→ Stored dataset items
○ ○ ○ ○ ○ ○ ○

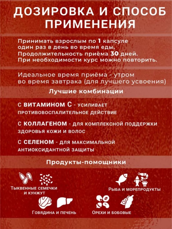 Капсулы легко проглатываются и подходят для ежедневного использования. Рекомендуется принимать их в периоды повышенных физических и умственных нагрузок, а также для поддержания общего состояния здоровья.
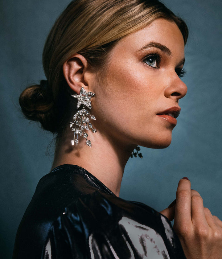 These Starlight Earrings in Crystal by Loren Hope — Experience cosmic magic with these stunning earrings featuring a profusion of crystal stones that shine like the brightest stars. Perfect for festive occasions, these eye-catching beauties will make you sparkle. Arrives in Loren Hope's signature dust bag.
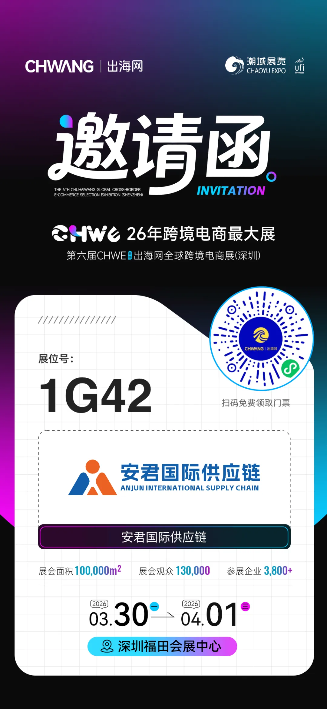 春日赴约,共拓蓝海!安君国际供应链受邀参展第六届 CHWE 出海网全球跨境电商展,诚邀各位跨境电商、出口贸易伙伴莅临交流,共话物流新机遇!
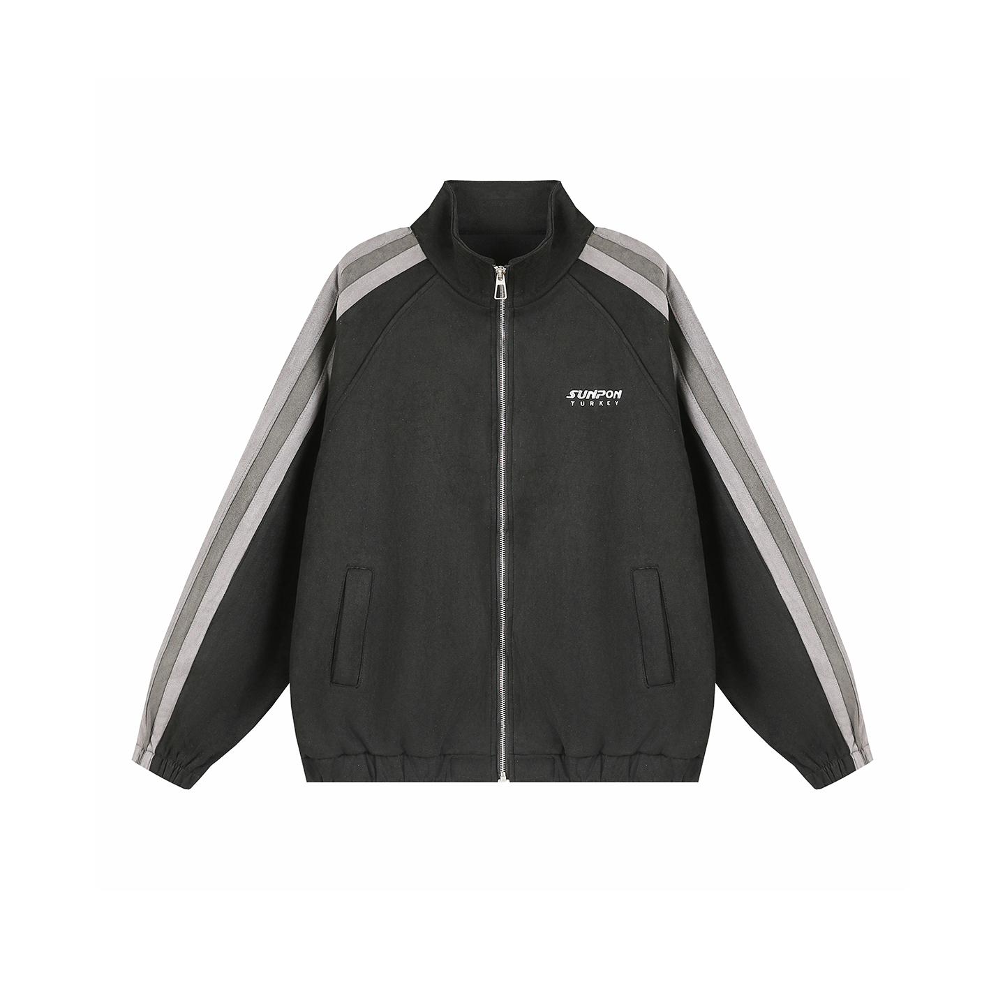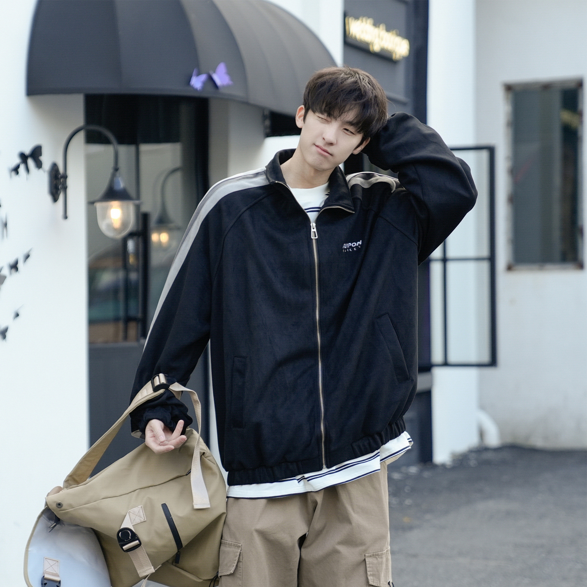 @港仔文艺男 美式麂皮绒立领外套男春秋宽松拼接条纹男生运动夹克
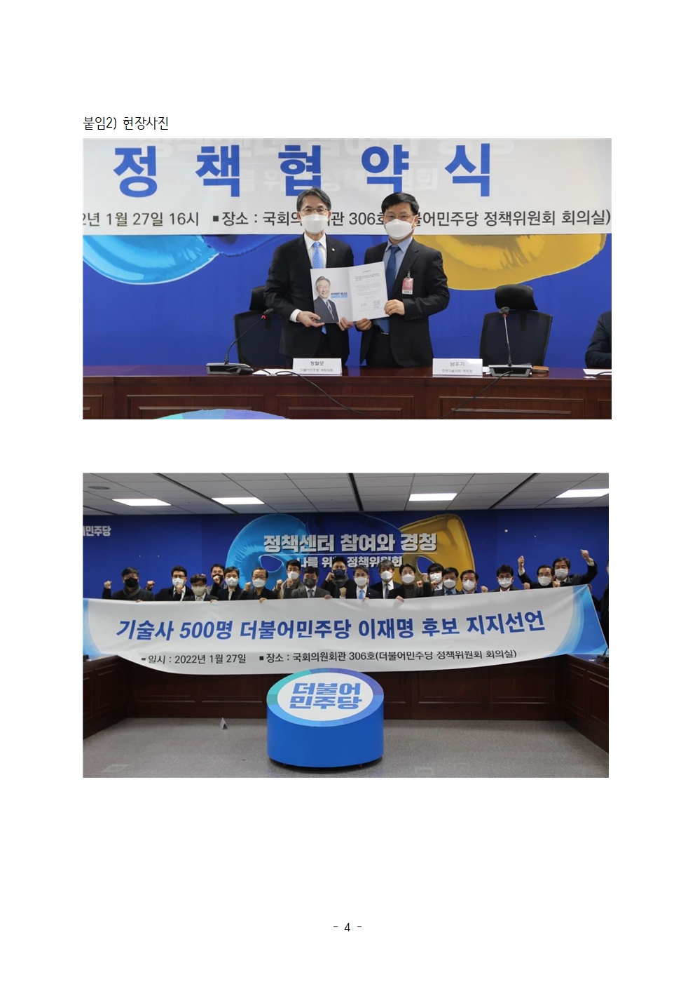[보도자료] 더불어민주당 선대위 직능본부, 기술사 500인 지지선언 · 한국기술사회 정책협약 체결
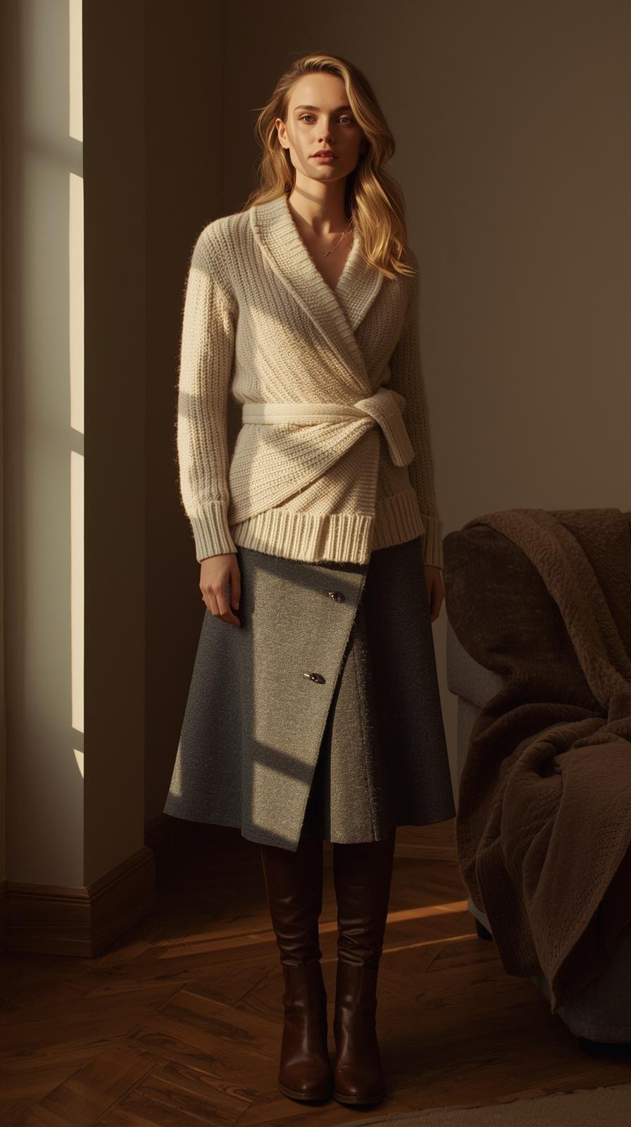 This elegant Winter Sweater Outfit showcases a wrap-style sweater paired with a structured wool skirt. The winter sweater’s draping creates softness while the skirt maintains refinement.
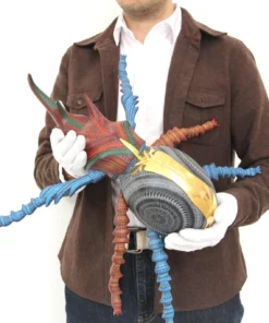 Este Alebrije Escarabajo gigante es una pieza artística impresionante que combina la tradición de los alebrijes mexicanos con el simbolismo y la estética. El alebrije tiene un diseño majestuoso, con la parte delantera roja y franjas verdes que recorren todo el cuerpo.
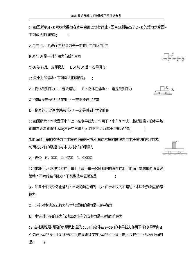 2020春沪粤版八年级物理下册考点集训:7.4 探究物体受力时怎样运动(附答案)
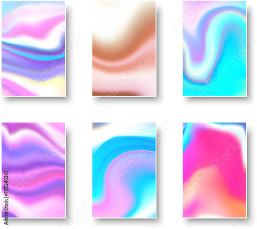 Wall mural : Set of colorful hologram paper card - abstract holographic wavy gradient mesh color backgrounds -
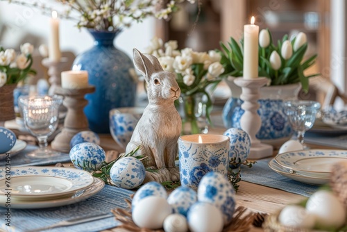 Fototapeta premium Easter Table Decorated, Colorful Eggs and Easter Bunny Celebration Design
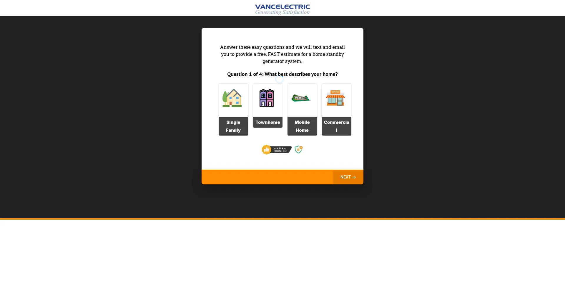 Answer these easy questions and we will text and email you to provide a free, FAST estimate for a home standby generator system.
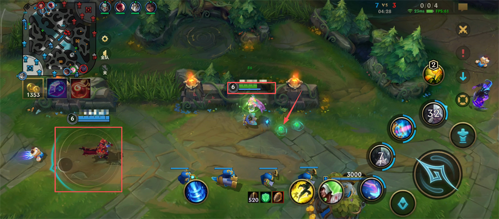 4、若敌众我寡,退至【防御塔】下,利用技能消耗敌方,尝试击退对手并伺机反击。
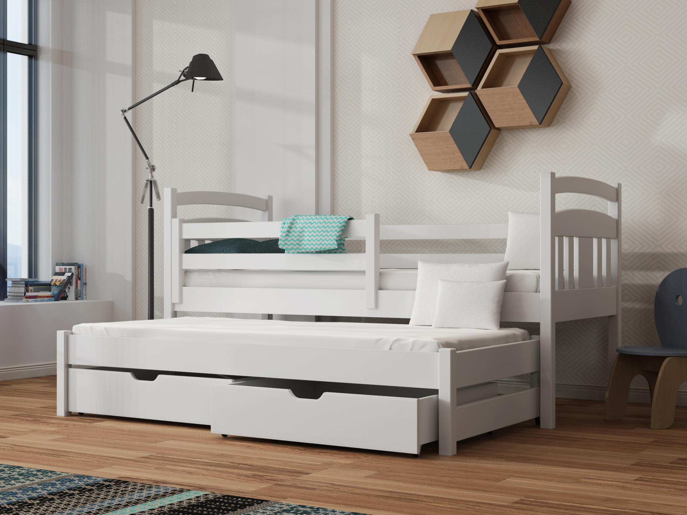 Pat pentru copii 90 x 200 cm FELTON (cu somieră și sp. depozitare) (Alb)

○ ○ ○ ○ ○ ○ ○

→ Task instructions
The expected answer is the data retyped exactly, without pictures.

→ Answer for this exercise
 Капсулы легко проглатываются и подходят для ежедневного использования. Рекомендуется принимать их в периоды повышенных физических и умственных нагрузок, а также для поддержания общего состояния здоровья.
 These Starlight Earrings in Crystal by Loren Hope — Experience cosmic magic with these stunning earrings featuring a profusion of crystal stones that shine like the brightest stars. Perfect for festive occasions, these eye-catching beauties will make you sparkle. Arrives in Loren Hope's signature dust bag.
 春日赴约,共拓蓝海!安君国际供应链受邀参展第六届 CHWE 出海网全球跨境电商展,诚邀各位跨境电商、出口贸易伙伴莅临交流,共话物流新机遇!
 @港仔文艺男 美式麂皮绒立领外套男春秋宽松拼接条纹男生运动夹克
[보도자료] 더불어민주당 선대위 직능본부, 기술사 500인 지지선언 · 한국기술사회 정책협약 체결
 This elegant Winter Sweater Outfit showcases a wrap-style sweater paired with a structured wool skirt. The winter sweater’s draping creates softness while the skirt maintains refinement.
 Este Alebrije Escarabajo gigante es una pieza artística impresionante que combina la tradición de los alebrijes mexicanos con el simbolismo y la estética. El alebrije tiene un diseño majestuoso, con la parte delantera roja y franjas verdes que recorren todo el cuerpo.
 2020春沪粤版八年级物理下册考点集训:7.4 探究物体受力时怎样运动(附答案)
 Wall mural : Set of colorful hologram paper card - abstract holographic wavy gradient mesh color backgrounds -
 Fototapeta premium Easter Table Decorated, Colorful Eggs and Easter Bunny Celebration Design
 Answer these easy questions and we will text and email you to provide a free, FAST estimate for a home standby generator system.
 4、若敌众我寡,退至【防御塔】下,利用技能消耗敌方,尝试击退对手并伺机反击。
 Pat pentru copii 90 x 200 cm FELTON (cu somieră și sp. depozitare) (Alb)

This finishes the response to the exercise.